Last year's devastating American hurricanes and other natural disasters cost Zurich Financial Services $3.1 billion (£1.8 billion) after re-insurance.
But the Swiss multi-national still finished 2005 with a bottom line profit of $3.2 billion, a 30 per cent increase on 2004.
Without the weather setbacks, Zurich would have made an under-writing profit of 3.8 per cent of its general insurance premiums. In the event, claims cost 100.8 per cent of the premiums, still a 1.2 per cent improvement on 2004.
"Reflecting the group's policy to only accept business in markets where rates permit underwriting at or in excess of our hurdle rate, gross written premiums and policy fees in general insurance declined one per cent to $33.4 billion (£19.2 billion)," Zurich stated.
Its UK headquarters for commercial general insurance is in Hagley Road, Birmingham. It also has a specialist Risk Services operation in Rubery. Together they employ some 1,200 people.
On the life side, the profit margin on global new business rose by 3.1 per cent to 14.5 per cent, although the total gross new premiums written fell by four per cent to the equivalent of $1.079 billion (£613 million) in new annual premiums.
Britain was one of the countries where Zurich's life sales "gained strong momentum".
The overall knockback was mainly due to an internal shake-up in Switzerland and a 34 per cent decline in sales in Germany where a rush in 2004 to beat tax changes was not repeated.

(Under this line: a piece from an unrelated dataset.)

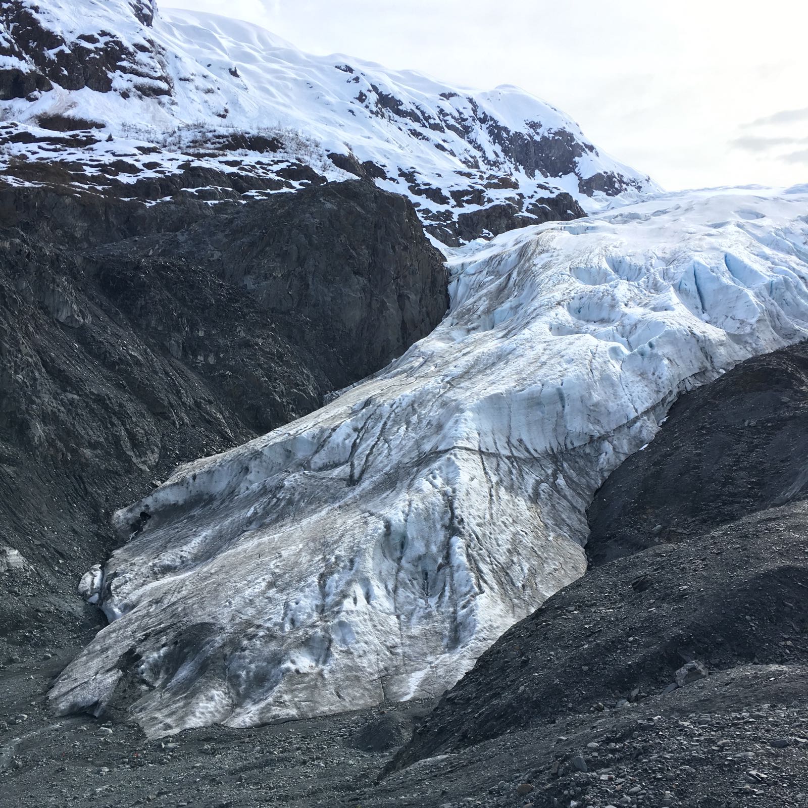 O italiano Fosco (não quer revelar o apelido) é o cicerone. Tem pouco mais de 50 anos e está quase a regressar a S. Francisco, onde vive, depois de seis meses a fazer consultoria para um dos serviços federais em Anchorage. Esse tempo deu-lhe para saber alguns segredos da cidade e do modo de ser alasquiano. “São afáveis, mas um pouco loucos”, conclui. O encontro com Fosco foi casual, a alguns quilómetros dali, quando interrompeu o silêncio da montanha: “Vai subir?”, perguntou nessa tarde no sopé do Glaciar Exit, no Parque Nacional de Kenai, um dos mais belos e preservados do Alasca. A pergunta de Fosco seria a primeira frase do que se revelaria uma incontinência verbal auto-diagnosticada. Espera resposta enquanto ajeita o gorro e dá a mão a Silvia, a namorada eslovaca, designer de interiores que tirou uns dias para conhecer o Alasca antes de partiram os dois. São quase cinco quilómetros daquele ponto até atingir o glaciar. Não se avista ninguém ao longo do percurso que a partir de certa altura se faz por um carreiro estreito de chão cada vez mais negro e árido. Há fezes de animais selvagens e outra vez os avisos: nada de atitudes histéricas se ficar frente a um.
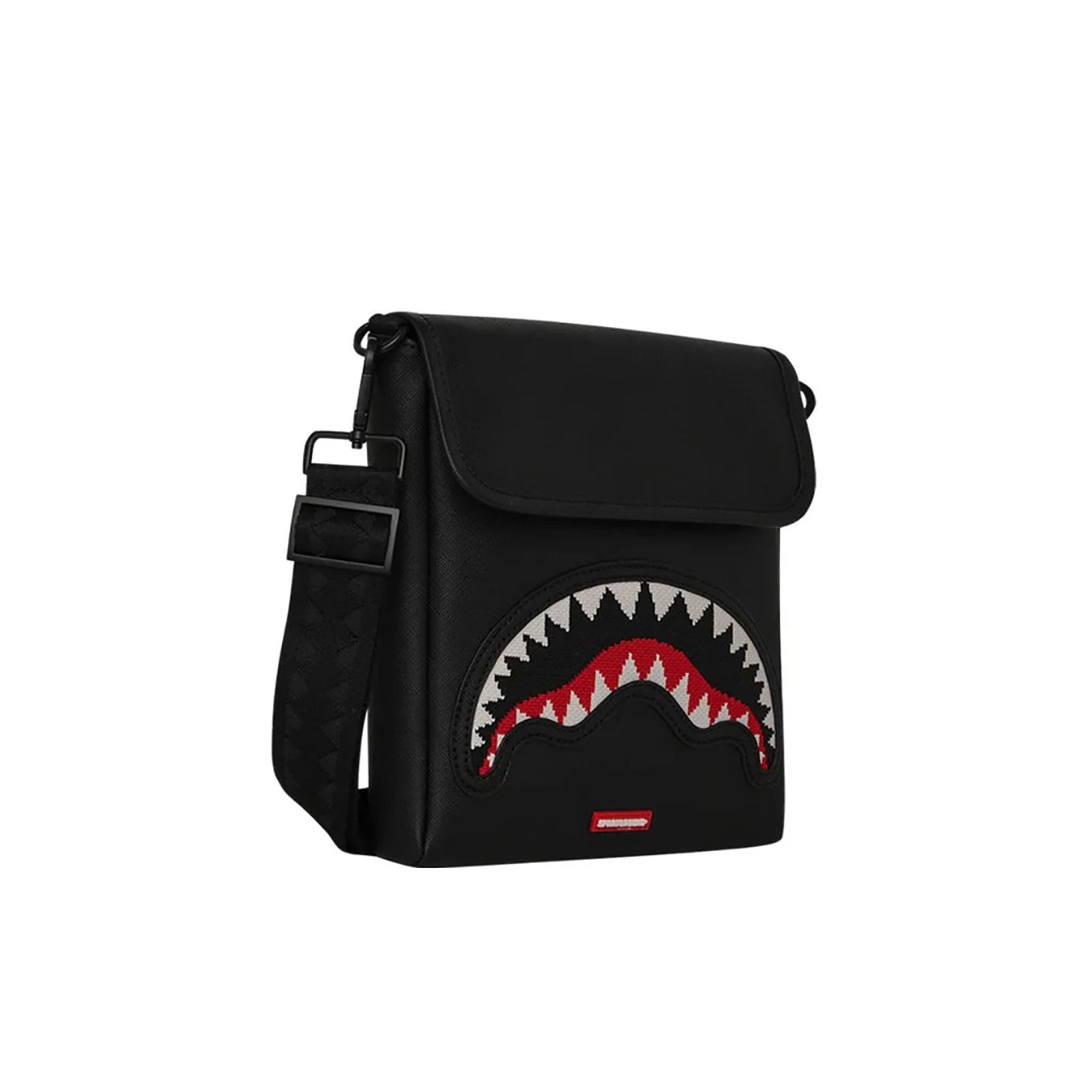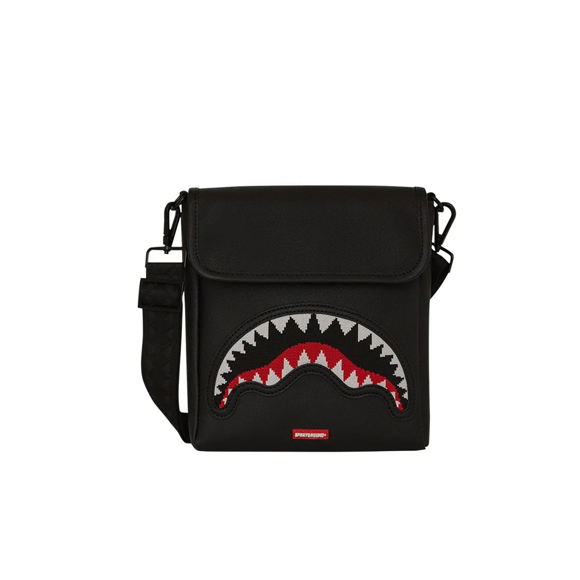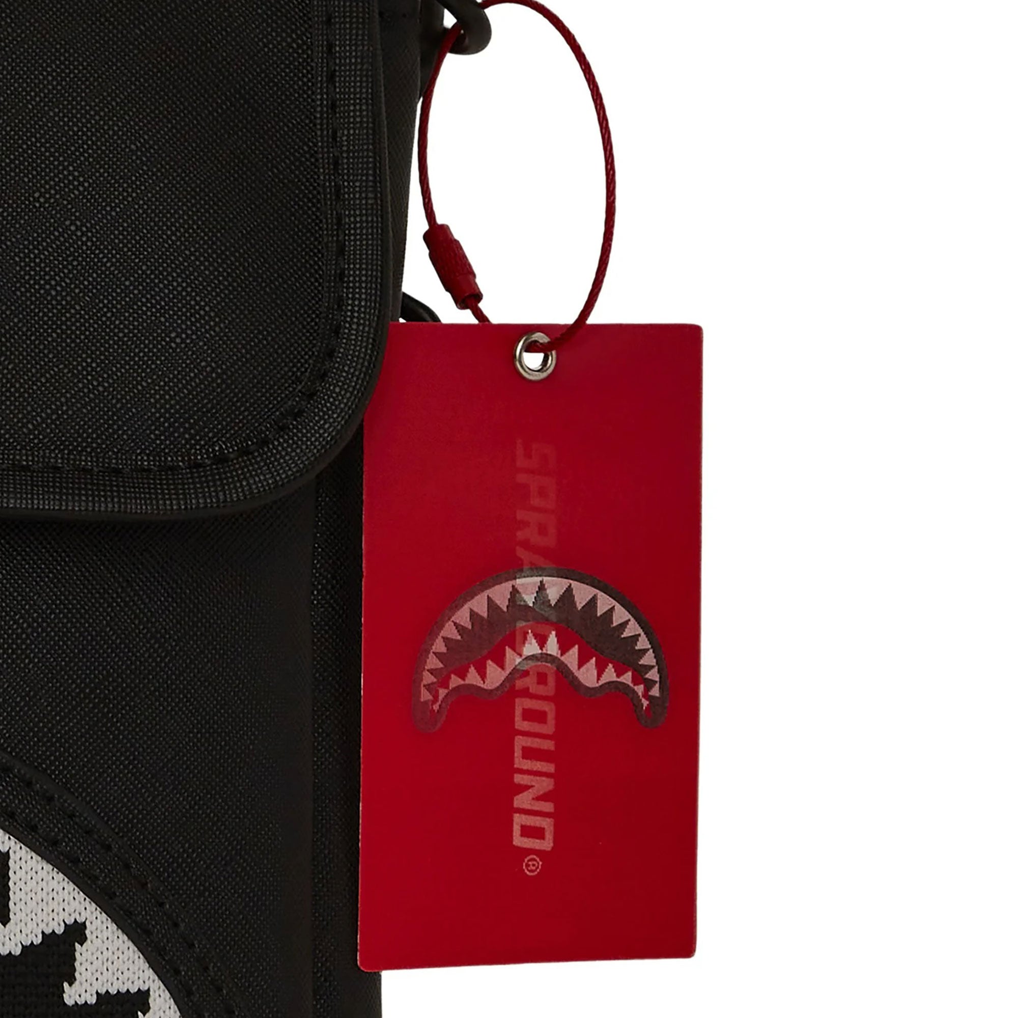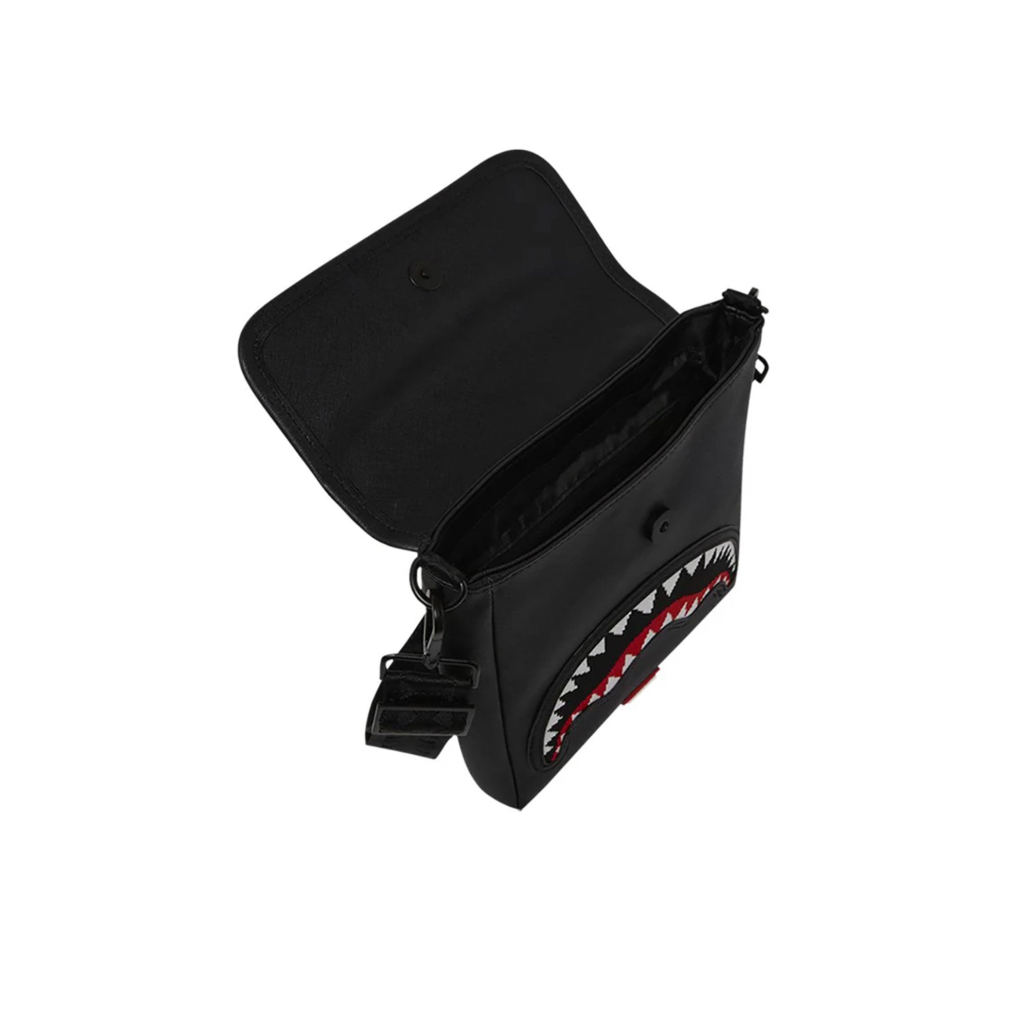 Tracolla Sprayground in ecopelle nera con logo Shark ricamato. Un accessorio dal design compatto e deciso, arricchito dall’iconico motivo squalo sul frontale per uno stile urbano e distintivo.

Zurich's investments, averaging $185.1 billion (£106 billion) over the year yielded $7.8 billion (£4.5 billion) in net investment income, four per cent up on the year. The total investment return, including both realised and unrealised capital gains and losses was $10.3 billion (£5.9 billion).
"We are reporting a record performance following the insurance industry's most severe natural catastrophe year on record," said a buoyant James Schiro, Zurich's chief executive.
The dividend is raised to seven Swiss francs from four in 2004.